I discovered that when a man and a woman marry they create a miniature home for God's presence to dwell in the world. This is alluded to in the Hebrew words for man, "ish" and woman, "isha". The words are the same except that man has a letter 'yud' and woman has a letter 'hey'. When a man and woman marry, the 'yud' and 'hey' unite, spelling one of God's names. God becomes their third partner in the home. When a man and woman know there is a greater unifying force in their marriage, it allows them to overcome obstacles of personality and circumstance.

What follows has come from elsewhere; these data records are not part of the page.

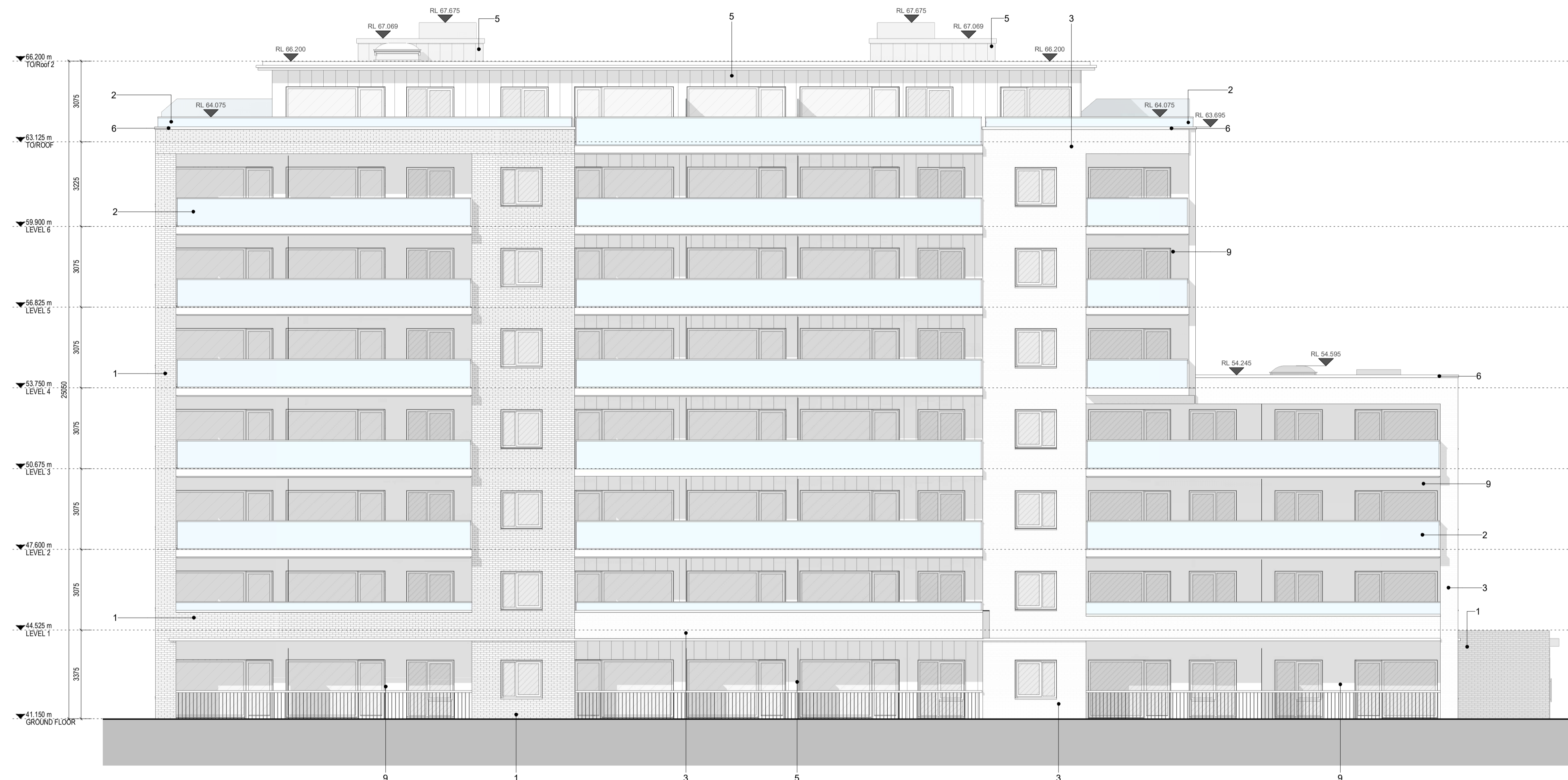
1 GA - West Elevation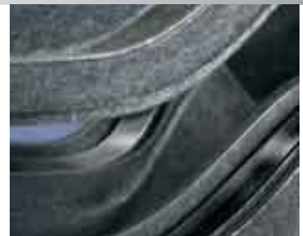
Close-up of under-the-hood part showing molten edge ready to be sealed.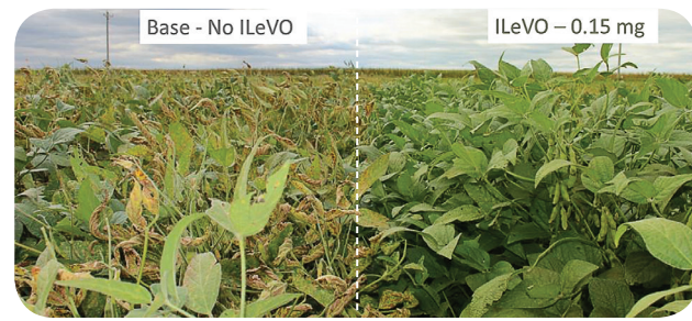
2014; ROLAND, IA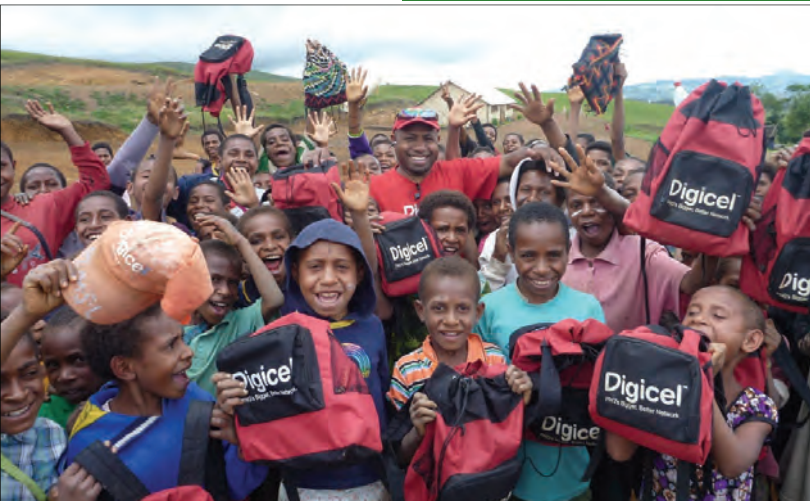
Excitement filled the air for these students of remote Western Highlands, when Digicel Foundation donated school bags, stationery items and books to them.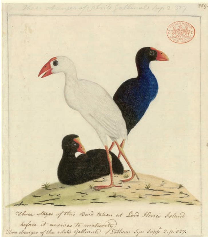
Figure 8. Illustration by an anonymous artist of three Lord Howe Gallinules Porphyrio albus from Thomas Watling's collection, NHMUK-L-Watling-330-M-1; the handwritten note reads 'Three stages of this Bird, taken at Lord Howes Island, before it arrives at maturity (Natural History Museum, London)

gallinule (cf. Iredale 1910, Hindwood 1932). Despite this lack of first-hand evidence, several commentators confused the provenance, even leading to the description of supposed Norfolk Island birds as a second species of white gallinule.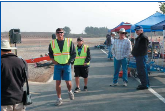
Flight line monitors and taxi way marshalls in the green vest kept things moving smoothly throughout the event. A job well done.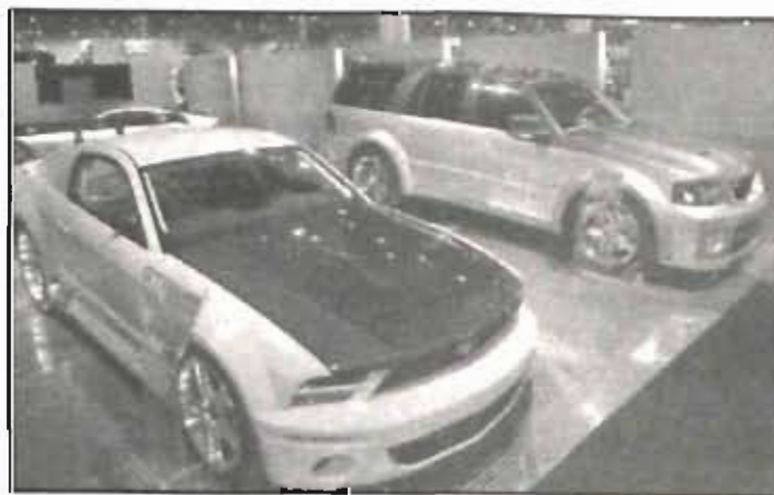
Shelby shows it can design more than sports cars — the beauty in the background is a Shelby Expedition.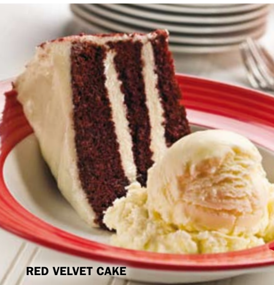
RED VELVET CAKE

Indulge yourself in moist, chocolaty red velvet cake layered with cream cheese frosting and paired with Vanilla Ice Cream. 5.49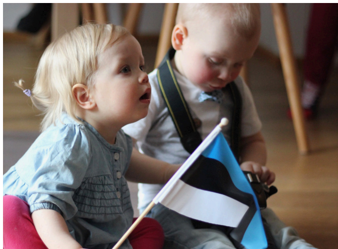
Estonian children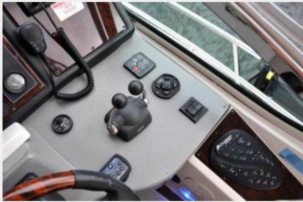
Bridge Deck Helm Controls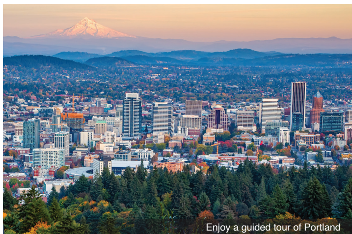
Enjoy a guided tour of Portland

DAY 10 Travel Home: Depart for home from this memorable vacation with a group transfer to Portland's International Airport for flights out after 12:00 p.m. Meal: B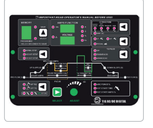
Digital Panel for Full Control

Remove God's name from the marriage, taking out the 'yud' and the 'hey', the remaining letters of 'man' and 'woman' spells 'aish' – 'fire'. Fire is something that destroys and breaks apart a structure. Marriage is meant to be a miraculous on-going peace process. The peace begins with two opposite people and continues with children. Without bringing God into the home, creating a foundation based on Jewish values, the home is in danger of falling apart.

When the Holy Temple was destroyed we lost the sense of connection to one another that allowed us to dwell together in one land. Each one of us was exiled from our home. Part of the rebuilding of the Temple, we are told, is to be done on the individual level. Our houses are meant to be miniature temples, holy spaces where a stranger coming in immediately senses the peace and warmth of a family, where God's blessing and presence dwells. When each of us in our homes learns to care and want good for one another, despite our differences, it knits together a society that includes God in every stitch. With God being a part of our private lives, He can then become a part of our national life.